Friday, April 29, 2011

Thoughts on climate alarmism

Thoughts on climate alarmism

The movement called AGW, or Anthropogenic Global Warming, is basically an anti-modern or Malthusian belief in the finite availability of resources and a religion that believes that humans have soiled the planet due to our hubris and unquenchable greed. Believers in this religion can be called Warmists. Their redemption or solution to this "problem" is to back off of modernity by decreasing living standards and consumption to assuage the anger of the God Gaia. But they have their facts wrong. Since they base their religion on their claim that their religion is based on science and their belief in certain scientific "facts," the truth of those facts are a central to the understanding of that movement, and their view of where humanity stands here at the beginning of the 21st century. Those facts are not nearly on their side.

Life expectancy and health are on the increase world wide, as are personal income and living standards. Air and water pollution is similarly getting better every year. We have more resources of every type, as can be easily seen by commodity prices, whether steel or lumber, copper or wheat, or the availability of potable water to the poor. How can one reconcile Warmist beliefs in the face of these incontrovertible and easily proven facts? The only major threat our environment may be about to have to deal with is either global war or the appearance of the next ice age or a meteor strike, none of which is central to Warmist theology. Everything else they believe is faltering keeps getting better. We are so wealthy as a species, and getting more wealthy every day, that we can have this debate even as we make good money and live at a standard that our parents could not even dream of.

Our "addiction" is not to oil and coal, it is to wealth and modernity, and that requires immense amounts of energy. The discovery of hydrocarbon energy was the thing that brought us out of the middle ages, into the industrial age, and will bear us into the future. Until and unless we discover and build out a reliable source of energy to replace it, we will be "addicted" to oil and coal for decades. Windmills and sunshine ain't gonna cut it, because the wind and sunshine are not reliable energy sources. Malthusian fears of an impending die-off are no reason to impoverish our wealthiest societies or end our energy intensive ways unless or until the worst fears of the warmists become clearly true. Right now they are at the end of at least two years of being wrong about just about everything.

The planet continues to cool, as seen in measurements of heat in the oceans and weather on the ground. Even sea level has begun a small decline. The "Ozone Hole" has been shown to be a natural phenomenon, and banning chloro-fluorocarbons has had no effect on it. In any event the lack of ozone has initiated no increase skin cancers in affected areas, a central tenet of "Ozone Holism." In the face of unprecedented expansions of windmills and solar electric generation, no way to slow the growth of the thermal generation of electricity has proven effective, as these "green" technologies have no effect on the need for base load capacity. The same Warmists who decry carbon dioxide generation from hydrocarbon stand against expansion of nuclear electric generation capacity. Computer models that have been predicting melting ice caps and hotter climate have been universally unable to predict these non-events.

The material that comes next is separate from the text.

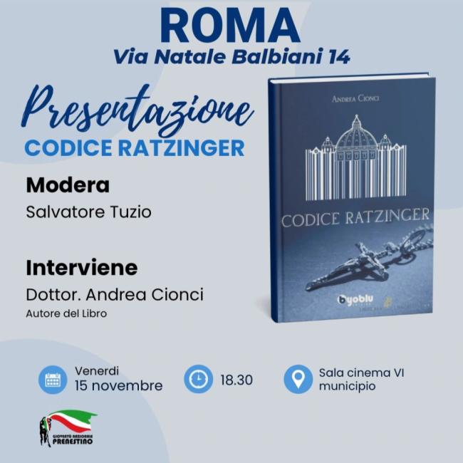 Scopritore della sede impedita e del codice comunicativo di Sua Santità Benedetto XVI costretto in “sede impedita”, alla fine di maggio 2022 Andrea Cionci ha pubblicato il Libro-inchiesta “Codice Ratzinger” che riassume il lavoro di oltre due anni di indagini, oltre 1000 articoli e 1197 podcast, lavoro avallato da insigni studiosi italiani e stranieri.

There is nothing new about religions that predict the end of the world. The difference here is that this religion is based on observable conditions. Their predictions have not been observed. That is how we know that this is a religion. No fact can withstand that portion of the human brain that insists on blind belief in a supernatural prediction. In this case the Jedi mind trick is correct. There is really nothing to see here, and we should really move along.